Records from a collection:
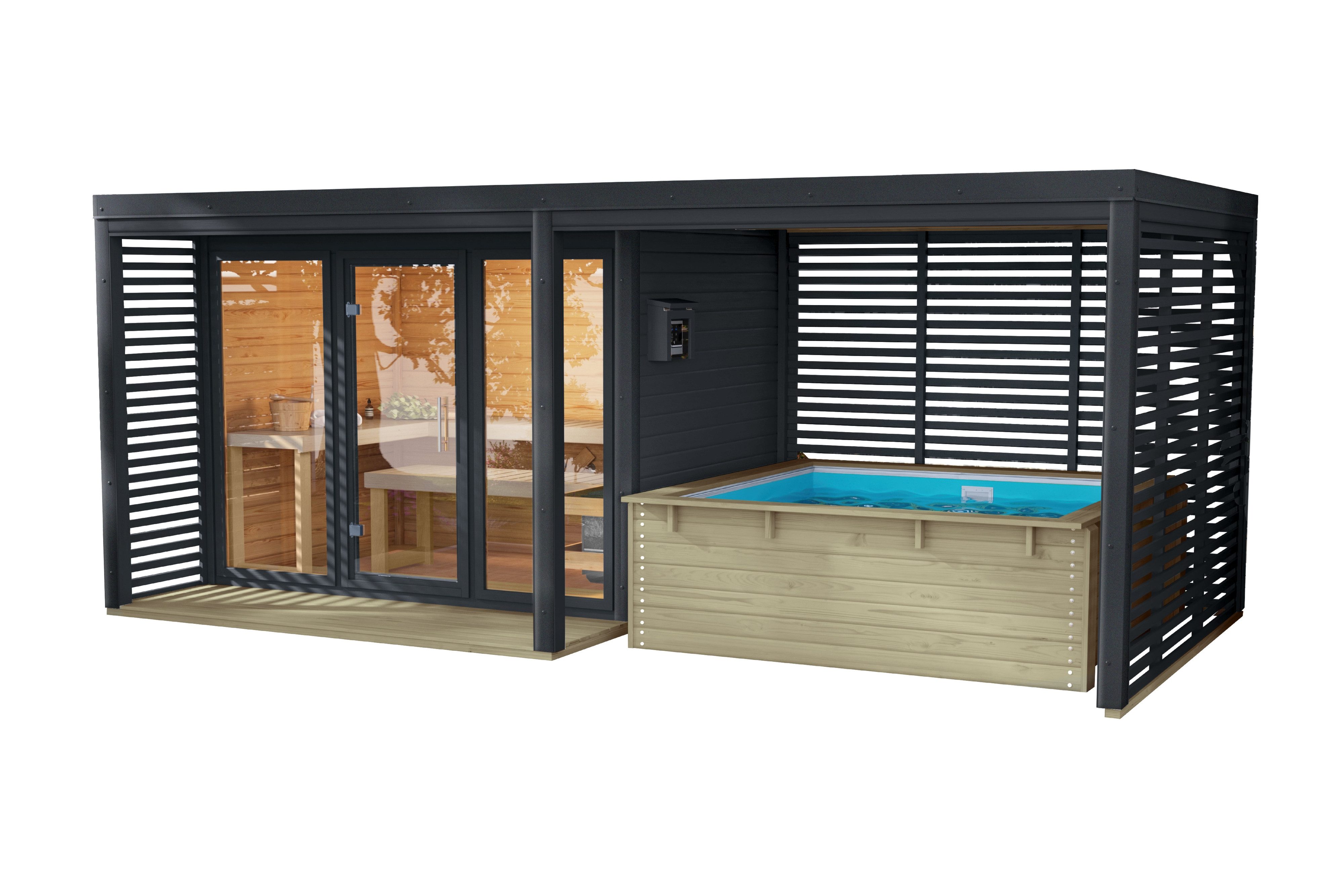 Saunahaus Angelus XL mit Anbaudach und Minipool - Ihre ganz persönliche Wellnessoase - all inclusive.
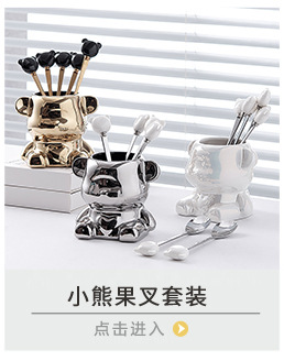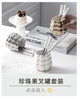 북유럽 과일 포크와 스푼 가정용 스테인레스 스틸 과일 선택 커피 스푼 세라믹 저장 용기 세트 하이 엔드 월병 나이프와 포크
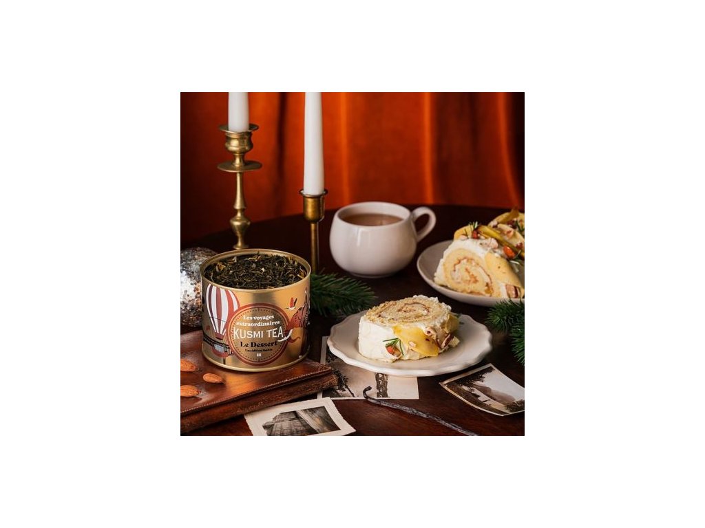 Nová exkluzívna vianočná čajová zmes Le Dessert v limitovanej edícii od francúzskeho výrobcu Kusmi Tea vám vyčarí v okamžiku krásne spomienky na tieto najobľúbenejšie sviatky. Organický zelený čaj je ochutený jablkom, vanilkou, mandľami a vznikol ako pripomienka sviatočnej pohody, keď sa všetko zastaví a ľudia sa oddávajú zimným chvíľam oddychu.
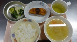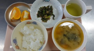 ごはん 石狩鍋 菜の花のおかかあえ ぽんかん豆乳ウエハース 牛乳
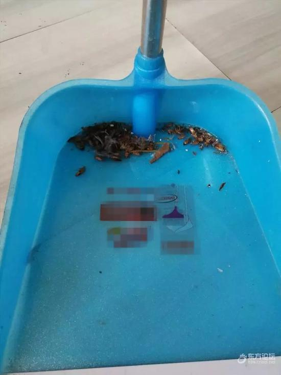 7月28日,两女生打电话过来,说房子不续租,在一系列押金啊、水电费什么的清算之后,觉得房间地面看上还干净,直接让两女生搬走了。没想到,第二天去清扫的时候,一打开柜子门,发现到处是蟑螂在爬。房东夫妇俩从晚上七点忙到十一点,拍死了150多只蟑螂,临走的时候喷了杀虫剂,第二天发现还有100多只死蟑螂,接下来的几天,每天都断断续续扫出很多…
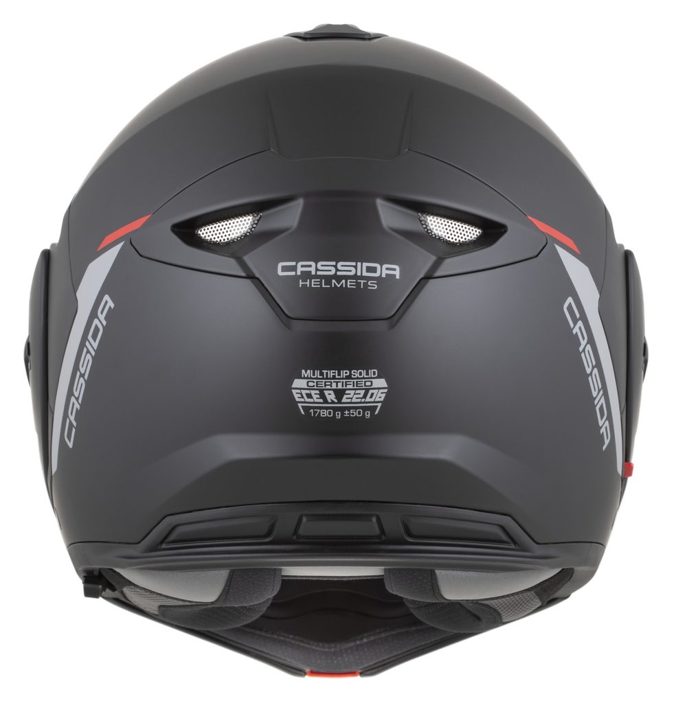 • Dual homologation ECE 22.06 P/J for both open-face and full-face use, with the option to lock the flip-up section in the open position using a safety latch.
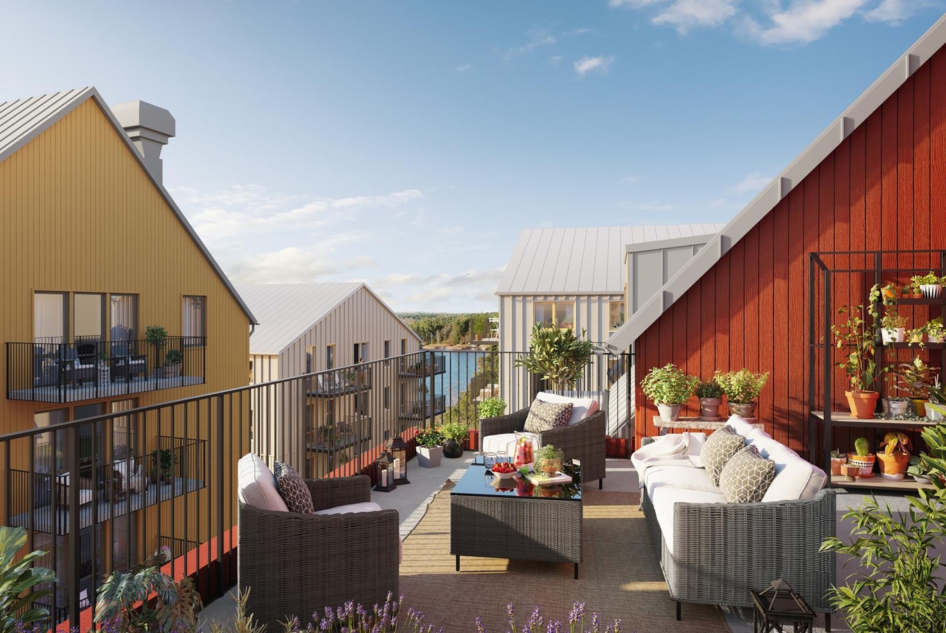 - Takterrass om 40 kvm i västerläge med sjökontakt mellan grannhusen
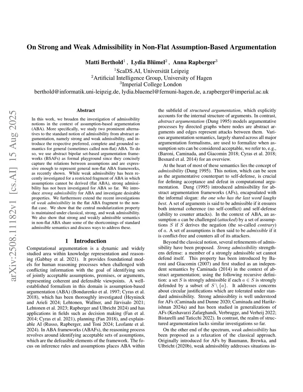 In this work, we broaden the investigation of admissibility notions in the context of assumption-based argumentation (ABA). More specifically, we study two prominent alternatives to the standard notion of admissibility from abstract argumentation, namely strong and weak admissibility, and introduce the respective preferred, complete and grounded semantics for general (sometimes called non-flat) ABA. To do so, we use abstract bipolar set-based argumentation frameworks (BSAFs) as formal playground since they concisely capture the relations between assumptions and are expressive enough to represent general non-flat ABA frameworks, as recently shown. While weak admissibility has been recently investigated for a restricted fragment of ABA in which assumptions cannot be derived (flat ABA), strong admissibility has not been investigated for ABA so far. We introduce strong admissibility for ABA and investigate desirable properties. We furthermore extend the recent investigations of weak admissibility in the flat ABA fragment to the non-flat case. We show that the central modularization property is maintained under classical, strong, and weak admissibility. We also show that strong and weakly admissible semantics in non-flat ABA share some of the shortcomings of standard admissible semantics and discuss ways to address these.
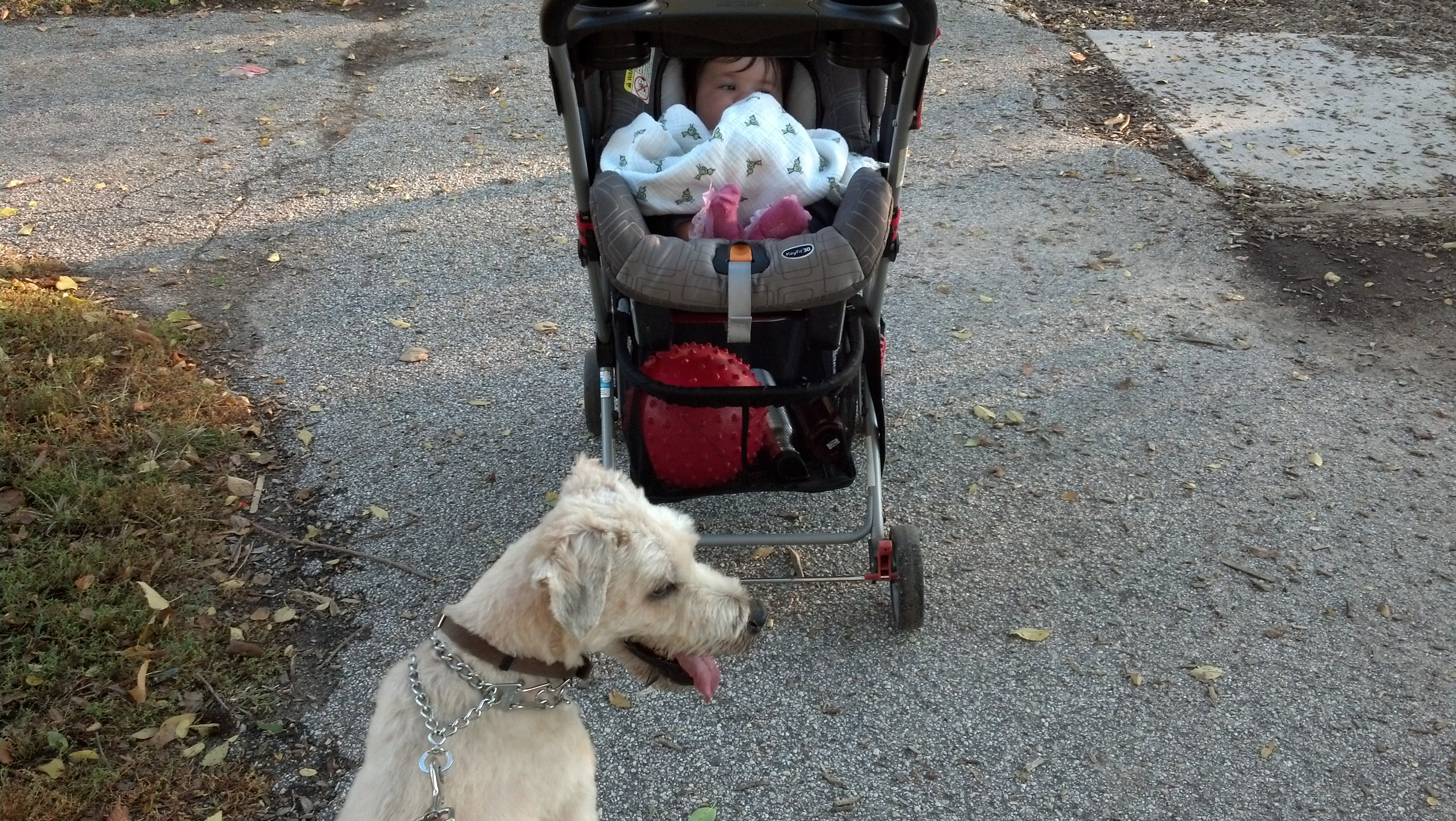 We left the neighborhood party early to try our hand at trick or treating for the first time ever. Wil was NOT interested at first. We tried to get him to go to 2 houses, but he would just break down – wet noodle style. We finally forced him to go up to one of our neighbors who was sitting outside handing out candy. Wil was screaming the entire time – but he gave Wil (me) 2 pieces and I opened one – a twizzler – on the spot and gave it to him so he could reap the reward.
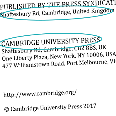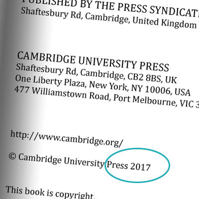 You can find all the information you need in the first few pages, including the author's name, date, full title and the publisher's details.
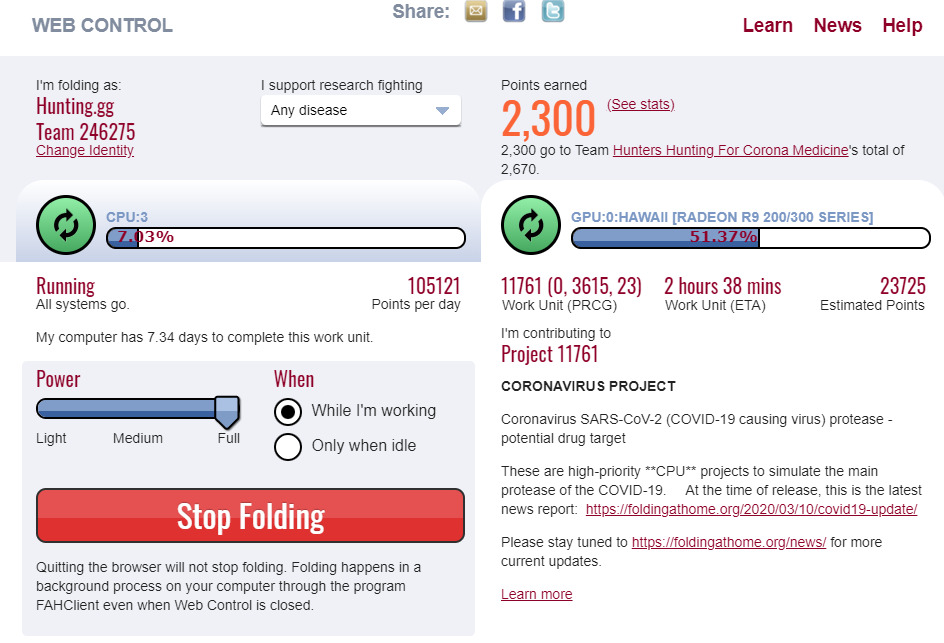 Dan is dit een uitgelezen kans om de computers op de zaak aan het werk te zetten. Zet ze nuttig in door op alle werk computers Folding@home te installeren en laat ze 24/7 aanstaan. Folding@home gebruikt alleen de extra, overtollige, rekenkracht. Dus je komt niets tekort qua werkcapaciteit. Bedenk dat je pc’s er niets van voelen als je personeel thuis werkt of je zaak tijdelijk gesloten is. Ze werken dag en nacht, zeven dagen in de week. En je weet het: laat niet tot morgen wat je vandaag kan delegeren, dus schakel je systeembeheerder in en zet die pc’s aan het werk.Installatie En Activatie
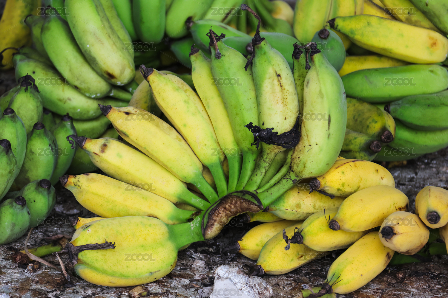 在泰国甲米镇市场里小摊上的新鲜绿色香蕉
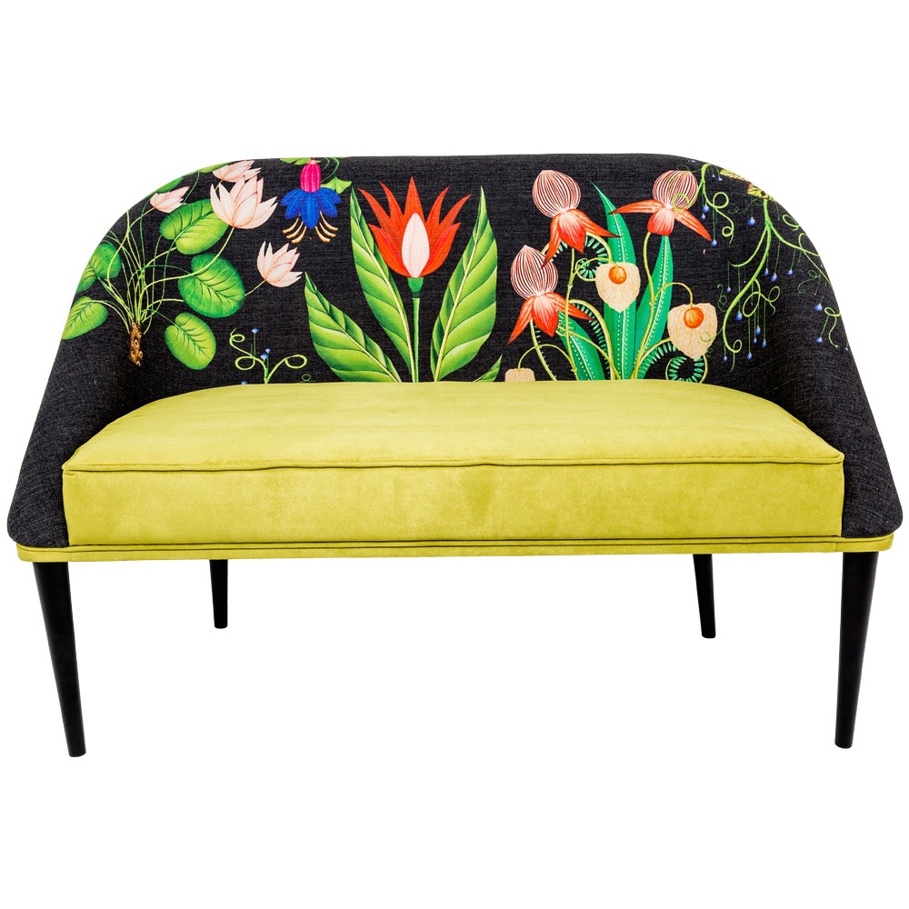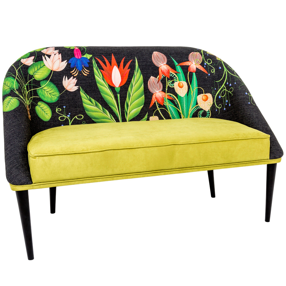 Диван «Тропический лес / Мёд» располагает множеством подтверждений своего названия. На его спинке расцвели пышные букеты экзотических цветов. Сиденье, выполненное из мягкой искусственной замши, привлекает своим сочным цветом зелени, которой коснулось солнце. Изящные ножки, идеальные формы, яркий окрас. Что ещё нужно для создания восторженного джунгли-эффекта?

▸ **What this task involves**:
An exact copy of all the lines above is required, with the pictures removed.

▸ **Solution to this exercise**:
 Saunahaus Angelus XL mit Anbaudach und Minipool - Ihre ganz persönliche Wellnessoase - all inclusive.
 북유럽 과일 포크와 스푼 가정용 스테인레스 스틸 과일 선택 커피 스푼 세라믹 저장 용기 세트 하이 엔드 월병 나이프와 포크
 Nová exkluzívna vianočná čajová zmes Le Dessert v limitovanej edícii od francúzskeho výrobcu Kusmi Tea vám vyčarí v okamžiku krásne spomienky na tieto najobľúbenejšie sviatky. Organický zelený čaj je ochutený jablkom, vanilkou, mandľami a vznikol ako pripomienka sviatočnej pohody, keď sa všetko zastaví a ľudia sa oddávajú zimným chvíľam oddychu.
 ごはん 石狩鍋 菜の花のおかかあえ ぽんかん豆乳ウエハース 牛乳
 7月28日,两女生打电话过来,说房子不续租,在一系列押金啊、水电费什么的清算之后,觉得房间地面看上还干净,直接让两女生搬走了。没想到,第二天去清扫的时候,一打开柜子门,发现到处是蟑螂在爬。房东夫妇俩从晚上七点忙到十一点,拍死了150多只蟑螂,临走的时候喷了杀虫剂,第二天发现还有100多只死蟑螂,接下来的几天,每天都断断续续扫出很多…
 • Dual homologation ECE 22.06 P/J for both open-face and full-face use, with the option to lock the flip-up section in the open position using a safety latch.
 - Takterrass om 40 kvm i västerläge med sjökontakt mellan grannhusen
 In this work, we broaden the investigation of admissibility notions in the context of assumption-based argumentation (ABA). More specifically, we study two prominent alternatives to the standard notion of admissibility from abstract argumentation, namely strong and weak admissibility, and introduce the respective preferred, complete and grounded semantics for general (sometimes called non-flat) ABA. To do so, we use abstract bipolar set-based argumentation frameworks (BSAFs) as formal playground since they concisely capture the relations between assumptions and are expressive enough to represent general non-flat ABA frameworks, as recently shown. While weak admissibility has been recently investigated for a restricted fragment of ABA in which assumptions cannot be derived (flat ABA), strong admissibility has not been investigated for ABA so far. We introduce strong admissibility for ABA and investigate desirable properties. We furthermore extend the recent investigations of weak admissibility in the flat ABA fragment to the non-flat case. We show that the central modularization property is maintained under classical, strong, and weak admissibility. We also show that strong and weakly admissible semantics in non-flat ABA share some of the shortcomings of standard admissible semantics and discuss ways to address these.
 We left the neighborhood party early to try our hand at trick or treating for the first time ever. Wil was NOT interested at first. We tried to get him to go to 2 houses, but he would just break down – wet noodle style. We finally forced him to go up to one of our neighbors who was sitting outside handing out candy. Wil was screaming the entire time – but he gave Wil (me) 2 pieces and I opened one – a twizzler – on the spot and gave it to him so he could reap the reward.
 You can find all the information you need in the first few pages, including the author's name, date, full title and the publisher's details.
 Dan is dit een uitgelezen kans om de computers op de zaak aan het werk te zetten. Zet ze nuttig in door op alle werk computers Folding@home te installeren en laat ze 24/7 aanstaan. Folding@home gebruikt alleen de extra, overtollige, rekenkracht. Dus je komt niets tekort qua werkcapaciteit. Bedenk dat je pc’s er niets van voelen als je personeel thuis werkt of je zaak tijdelijk gesloten is. Ze werken dag en nacht, zeven dagen in de week. En je weet het: laat niet tot morgen wat je vandaag kan delegeren, dus schakel je systeembeheerder in en zet die pc’s aan het werk.Installatie En Activatie
 在泰国甲米镇市场里小摊上的新鲜绿色香蕉
 Диван «Тропический лес / Мёд» располагает множеством подтверждений своего названия. На его спинке расцвели пышные букеты экзотических цветов. Сиденье, выполненное из мягкой искусственной замши, привлекает своим сочным цветом зелени, которой коснулось солнце. Изящные ножки, идеальные формы, яркий окрас. Что ещё нужно для создания восторженного джунгли-эффекта?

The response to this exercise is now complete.